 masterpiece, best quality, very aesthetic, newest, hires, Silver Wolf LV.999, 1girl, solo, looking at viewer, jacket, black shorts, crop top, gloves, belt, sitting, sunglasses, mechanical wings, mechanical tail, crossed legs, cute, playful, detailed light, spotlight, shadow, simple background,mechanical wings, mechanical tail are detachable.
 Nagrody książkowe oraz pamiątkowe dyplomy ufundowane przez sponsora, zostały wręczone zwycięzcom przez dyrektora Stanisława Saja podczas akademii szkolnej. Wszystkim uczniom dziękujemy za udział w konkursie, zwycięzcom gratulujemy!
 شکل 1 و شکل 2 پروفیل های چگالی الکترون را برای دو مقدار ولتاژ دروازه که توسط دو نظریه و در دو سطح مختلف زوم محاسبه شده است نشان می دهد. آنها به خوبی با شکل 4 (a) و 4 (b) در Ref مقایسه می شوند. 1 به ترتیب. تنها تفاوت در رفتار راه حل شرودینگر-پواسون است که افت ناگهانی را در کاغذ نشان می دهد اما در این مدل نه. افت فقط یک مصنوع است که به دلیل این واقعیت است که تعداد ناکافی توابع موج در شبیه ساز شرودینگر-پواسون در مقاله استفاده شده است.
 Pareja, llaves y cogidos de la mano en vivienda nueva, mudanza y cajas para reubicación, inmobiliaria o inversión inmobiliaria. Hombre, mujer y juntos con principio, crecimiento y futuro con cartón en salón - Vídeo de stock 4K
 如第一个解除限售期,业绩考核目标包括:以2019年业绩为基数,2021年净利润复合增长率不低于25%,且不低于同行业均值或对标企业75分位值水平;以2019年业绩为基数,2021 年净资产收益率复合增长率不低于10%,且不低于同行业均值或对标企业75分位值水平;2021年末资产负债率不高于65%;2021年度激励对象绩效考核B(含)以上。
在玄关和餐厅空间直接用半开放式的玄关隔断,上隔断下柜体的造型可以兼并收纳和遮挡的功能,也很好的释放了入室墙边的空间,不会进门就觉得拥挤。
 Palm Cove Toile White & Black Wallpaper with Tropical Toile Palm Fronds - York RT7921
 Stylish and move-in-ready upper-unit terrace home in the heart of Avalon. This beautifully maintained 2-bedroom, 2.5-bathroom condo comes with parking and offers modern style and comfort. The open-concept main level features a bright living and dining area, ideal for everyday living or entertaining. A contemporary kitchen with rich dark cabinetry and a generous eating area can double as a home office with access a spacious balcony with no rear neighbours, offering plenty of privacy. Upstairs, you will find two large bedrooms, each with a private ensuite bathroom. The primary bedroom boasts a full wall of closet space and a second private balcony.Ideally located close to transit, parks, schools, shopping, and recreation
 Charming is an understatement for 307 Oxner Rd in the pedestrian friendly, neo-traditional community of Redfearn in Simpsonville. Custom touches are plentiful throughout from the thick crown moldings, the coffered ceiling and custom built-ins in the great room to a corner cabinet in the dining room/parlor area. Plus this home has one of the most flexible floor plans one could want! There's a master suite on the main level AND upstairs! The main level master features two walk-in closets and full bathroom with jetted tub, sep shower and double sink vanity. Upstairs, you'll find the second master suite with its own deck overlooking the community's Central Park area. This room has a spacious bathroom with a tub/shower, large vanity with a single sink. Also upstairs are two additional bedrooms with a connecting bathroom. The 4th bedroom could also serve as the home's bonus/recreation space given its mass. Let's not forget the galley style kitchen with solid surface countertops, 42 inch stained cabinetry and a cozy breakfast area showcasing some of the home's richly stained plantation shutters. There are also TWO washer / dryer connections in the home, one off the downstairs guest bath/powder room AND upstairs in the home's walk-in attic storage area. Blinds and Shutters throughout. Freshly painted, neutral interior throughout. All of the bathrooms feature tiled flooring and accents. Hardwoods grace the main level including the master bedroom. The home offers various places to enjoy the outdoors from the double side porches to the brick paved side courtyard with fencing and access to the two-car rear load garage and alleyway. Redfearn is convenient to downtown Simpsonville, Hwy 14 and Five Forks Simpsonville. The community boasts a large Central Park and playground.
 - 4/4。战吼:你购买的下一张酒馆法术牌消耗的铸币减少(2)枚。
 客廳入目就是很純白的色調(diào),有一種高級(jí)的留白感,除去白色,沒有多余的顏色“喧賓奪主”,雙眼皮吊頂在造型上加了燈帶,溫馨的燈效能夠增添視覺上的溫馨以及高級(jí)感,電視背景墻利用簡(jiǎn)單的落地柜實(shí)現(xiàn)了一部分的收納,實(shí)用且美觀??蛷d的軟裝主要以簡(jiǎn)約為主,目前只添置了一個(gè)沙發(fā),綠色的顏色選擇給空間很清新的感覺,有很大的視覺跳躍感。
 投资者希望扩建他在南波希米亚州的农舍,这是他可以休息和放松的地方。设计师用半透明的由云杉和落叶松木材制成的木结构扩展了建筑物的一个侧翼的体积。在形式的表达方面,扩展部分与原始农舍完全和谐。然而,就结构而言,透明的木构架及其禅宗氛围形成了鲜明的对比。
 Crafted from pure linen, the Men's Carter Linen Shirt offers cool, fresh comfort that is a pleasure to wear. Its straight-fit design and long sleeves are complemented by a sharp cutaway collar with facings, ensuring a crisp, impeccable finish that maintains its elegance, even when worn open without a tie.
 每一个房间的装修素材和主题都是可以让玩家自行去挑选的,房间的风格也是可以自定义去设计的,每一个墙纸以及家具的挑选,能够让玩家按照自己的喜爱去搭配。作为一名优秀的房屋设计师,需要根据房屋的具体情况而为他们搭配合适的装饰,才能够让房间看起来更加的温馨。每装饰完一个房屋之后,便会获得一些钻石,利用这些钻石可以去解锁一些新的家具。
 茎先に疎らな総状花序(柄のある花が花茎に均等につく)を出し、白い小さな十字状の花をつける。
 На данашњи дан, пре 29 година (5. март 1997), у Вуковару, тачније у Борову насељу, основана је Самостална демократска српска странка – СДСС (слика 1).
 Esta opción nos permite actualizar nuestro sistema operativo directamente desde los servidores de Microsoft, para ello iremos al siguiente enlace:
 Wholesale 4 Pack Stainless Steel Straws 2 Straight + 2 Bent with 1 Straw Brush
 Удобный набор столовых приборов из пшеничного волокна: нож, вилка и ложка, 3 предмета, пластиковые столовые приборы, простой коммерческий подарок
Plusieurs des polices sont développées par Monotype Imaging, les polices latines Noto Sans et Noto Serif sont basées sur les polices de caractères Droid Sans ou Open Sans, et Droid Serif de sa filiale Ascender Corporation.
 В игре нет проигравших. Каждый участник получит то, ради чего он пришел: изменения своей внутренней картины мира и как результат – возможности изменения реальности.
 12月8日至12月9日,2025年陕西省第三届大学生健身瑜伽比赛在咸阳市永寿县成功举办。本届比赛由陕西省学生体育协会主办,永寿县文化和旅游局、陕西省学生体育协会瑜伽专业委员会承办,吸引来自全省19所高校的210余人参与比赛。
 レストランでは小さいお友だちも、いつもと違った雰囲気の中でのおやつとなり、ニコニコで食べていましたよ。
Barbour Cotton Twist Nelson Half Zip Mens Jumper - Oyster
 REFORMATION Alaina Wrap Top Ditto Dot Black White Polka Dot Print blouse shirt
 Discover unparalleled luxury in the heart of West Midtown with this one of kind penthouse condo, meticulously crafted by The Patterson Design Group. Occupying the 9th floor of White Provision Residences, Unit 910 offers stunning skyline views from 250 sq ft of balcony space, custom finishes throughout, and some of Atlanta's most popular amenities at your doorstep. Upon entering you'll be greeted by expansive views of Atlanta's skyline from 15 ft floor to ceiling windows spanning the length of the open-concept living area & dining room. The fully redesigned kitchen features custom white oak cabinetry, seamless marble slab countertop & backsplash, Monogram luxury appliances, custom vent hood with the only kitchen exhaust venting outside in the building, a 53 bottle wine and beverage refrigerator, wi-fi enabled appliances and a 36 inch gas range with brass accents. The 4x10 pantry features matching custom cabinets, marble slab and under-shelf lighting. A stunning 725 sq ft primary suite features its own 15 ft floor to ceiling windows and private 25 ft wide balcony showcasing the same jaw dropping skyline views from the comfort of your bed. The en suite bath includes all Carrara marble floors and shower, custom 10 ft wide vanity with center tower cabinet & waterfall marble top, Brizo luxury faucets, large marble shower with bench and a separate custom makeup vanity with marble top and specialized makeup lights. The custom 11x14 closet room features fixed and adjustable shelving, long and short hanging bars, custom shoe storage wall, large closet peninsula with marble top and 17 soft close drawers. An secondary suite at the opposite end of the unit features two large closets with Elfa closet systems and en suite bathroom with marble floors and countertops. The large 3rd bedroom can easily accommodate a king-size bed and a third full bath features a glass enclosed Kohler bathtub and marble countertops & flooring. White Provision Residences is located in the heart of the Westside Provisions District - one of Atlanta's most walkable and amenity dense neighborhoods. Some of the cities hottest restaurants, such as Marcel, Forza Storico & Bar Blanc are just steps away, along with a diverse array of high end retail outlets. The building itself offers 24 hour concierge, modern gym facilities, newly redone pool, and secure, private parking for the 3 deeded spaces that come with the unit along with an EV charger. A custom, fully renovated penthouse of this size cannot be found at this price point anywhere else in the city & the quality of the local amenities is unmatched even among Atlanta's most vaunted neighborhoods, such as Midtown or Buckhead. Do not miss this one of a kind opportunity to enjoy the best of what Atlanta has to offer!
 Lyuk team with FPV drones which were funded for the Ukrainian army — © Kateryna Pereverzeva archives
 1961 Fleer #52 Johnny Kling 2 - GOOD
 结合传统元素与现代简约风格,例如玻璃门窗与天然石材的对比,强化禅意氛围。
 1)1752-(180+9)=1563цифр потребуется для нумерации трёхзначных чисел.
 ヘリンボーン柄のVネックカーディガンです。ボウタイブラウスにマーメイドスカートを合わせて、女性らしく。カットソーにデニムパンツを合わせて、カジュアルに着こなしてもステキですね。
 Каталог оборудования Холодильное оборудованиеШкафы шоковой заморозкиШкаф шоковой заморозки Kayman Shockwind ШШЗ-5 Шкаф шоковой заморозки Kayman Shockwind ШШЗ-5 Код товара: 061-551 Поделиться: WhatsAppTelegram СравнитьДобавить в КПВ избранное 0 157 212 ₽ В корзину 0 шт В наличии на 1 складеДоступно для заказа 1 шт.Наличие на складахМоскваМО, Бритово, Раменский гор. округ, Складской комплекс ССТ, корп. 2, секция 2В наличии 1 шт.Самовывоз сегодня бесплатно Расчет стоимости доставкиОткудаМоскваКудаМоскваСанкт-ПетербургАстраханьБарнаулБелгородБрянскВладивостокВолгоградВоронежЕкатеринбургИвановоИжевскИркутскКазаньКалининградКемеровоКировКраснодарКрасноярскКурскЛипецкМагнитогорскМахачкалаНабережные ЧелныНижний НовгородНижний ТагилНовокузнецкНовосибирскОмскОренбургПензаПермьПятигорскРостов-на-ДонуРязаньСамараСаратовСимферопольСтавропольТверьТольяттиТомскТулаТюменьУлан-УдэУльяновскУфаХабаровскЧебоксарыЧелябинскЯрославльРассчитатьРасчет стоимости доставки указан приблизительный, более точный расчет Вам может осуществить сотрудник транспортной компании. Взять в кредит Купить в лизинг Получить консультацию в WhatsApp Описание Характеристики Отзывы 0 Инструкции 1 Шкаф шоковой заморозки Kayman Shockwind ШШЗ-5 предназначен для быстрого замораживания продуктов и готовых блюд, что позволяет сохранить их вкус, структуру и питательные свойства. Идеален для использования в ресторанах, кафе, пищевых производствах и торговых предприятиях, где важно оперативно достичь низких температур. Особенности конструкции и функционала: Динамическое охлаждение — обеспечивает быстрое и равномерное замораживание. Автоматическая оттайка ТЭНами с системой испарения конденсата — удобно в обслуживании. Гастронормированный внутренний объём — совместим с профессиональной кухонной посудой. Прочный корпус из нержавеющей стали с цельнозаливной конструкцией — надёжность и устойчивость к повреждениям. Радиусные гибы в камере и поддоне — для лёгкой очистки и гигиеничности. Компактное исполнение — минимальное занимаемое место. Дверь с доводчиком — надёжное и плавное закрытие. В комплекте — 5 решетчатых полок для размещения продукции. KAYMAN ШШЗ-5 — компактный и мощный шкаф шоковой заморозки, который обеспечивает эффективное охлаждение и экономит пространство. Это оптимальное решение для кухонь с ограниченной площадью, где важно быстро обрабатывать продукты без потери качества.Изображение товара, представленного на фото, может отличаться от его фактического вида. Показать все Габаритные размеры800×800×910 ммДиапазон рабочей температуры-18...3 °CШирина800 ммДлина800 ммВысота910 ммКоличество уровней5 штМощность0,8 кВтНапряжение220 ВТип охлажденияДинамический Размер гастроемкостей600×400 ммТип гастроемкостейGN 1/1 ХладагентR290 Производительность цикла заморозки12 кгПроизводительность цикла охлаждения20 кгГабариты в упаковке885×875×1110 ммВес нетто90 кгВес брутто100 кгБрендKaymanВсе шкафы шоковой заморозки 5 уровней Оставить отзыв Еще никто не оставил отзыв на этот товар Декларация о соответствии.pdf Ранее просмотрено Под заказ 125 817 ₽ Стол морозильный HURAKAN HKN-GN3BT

PROBLEM DESCRIPTION: Return the span of lines in the data above that opens at the line with "- 4/4。战吼:你购买的下一张酒馆法术牌消耗的铸币减少(2)枚。" and closes at the line with "Удобный набор столовых", exactly, ends included, nothing else.

WRITTEN RESPONSE:
 - 4/4。战吼:你购买的下一张酒馆法术牌消耗的铸币减少(2)枚。
 客廳入目就是很純白的色調(diào),有一種高級(jí)的留白感,除去白色,沒有多余的顏色“喧賓奪主”,雙眼皮吊頂在造型上加了燈帶,溫馨的燈效能夠增添視覺上的溫馨以及高級(jí)感,電視背景墻利用簡(jiǎn)單的落地柜實(shí)現(xiàn)了一部分的收納,實(shí)用且美觀??蛷d的軟裝主要以簡(jiǎn)約為主,目前只添置了一個(gè)沙發(fā),綠色的顏色選擇給空間很清新的感覺,有很大的視覺跳躍感。
 投资者希望扩建他在南波希米亚州的农舍,这是他可以休息和放松的地方。设计师用半透明的由云杉和落叶松木材制成的木结构扩展了建筑物的一个侧翼的体积。在形式的表达方面,扩展部分与原始农舍完全和谐。然而,就结构而言,透明的木构架及其禅宗氛围形成了鲜明的对比。
 Crafted from pure linen, the Men's Carter Linen Shirt offers cool, fresh comfort that is a pleasure to wear. Its straight-fit design and long sleeves are complemented by a sharp cutaway collar with facings, ensuring a crisp, impeccable finish that maintains its elegance, even when worn open without a tie.
 每一个房间的装修素材和主题都是可以让玩家自行去挑选的,房间的风格也是可以自定义去设计的,每一个墙纸以及家具的挑选,能够让玩家按照自己的喜爱去搭配。作为一名优秀的房屋设计师,需要根据房屋的具体情况而为他们搭配合适的装饰,才能够让房间看起来更加的温馨。每装饰完一个房屋之后,便会获得一些钻石,利用这些钻石可以去解锁一些新的家具。
 茎先に疎らな総状花序(柄のある花が花茎に均等につく)を出し、白い小さな十字状の花をつける。
 На данашњи дан, пре 29 година (5. март 1997), у Вуковару, тачније у Борову насељу, основана је Самостална демократска српска странка – СДСС (слика 1).
 Esta opción nos permite actualizar nuestro sistema operativo directamente desde los servidores de Microsoft, para ello iremos al siguiente enlace:
 Wholesale 4 Pack Stainless Steel Straws 2 Straight + 2 Bent with 1 Straw Brush
 Удобный набор столовых приборов из пшеничного волокна: нож, вилка и ложка, 3 предмета, пластиковые столовые приборы, простой коммерческий подарок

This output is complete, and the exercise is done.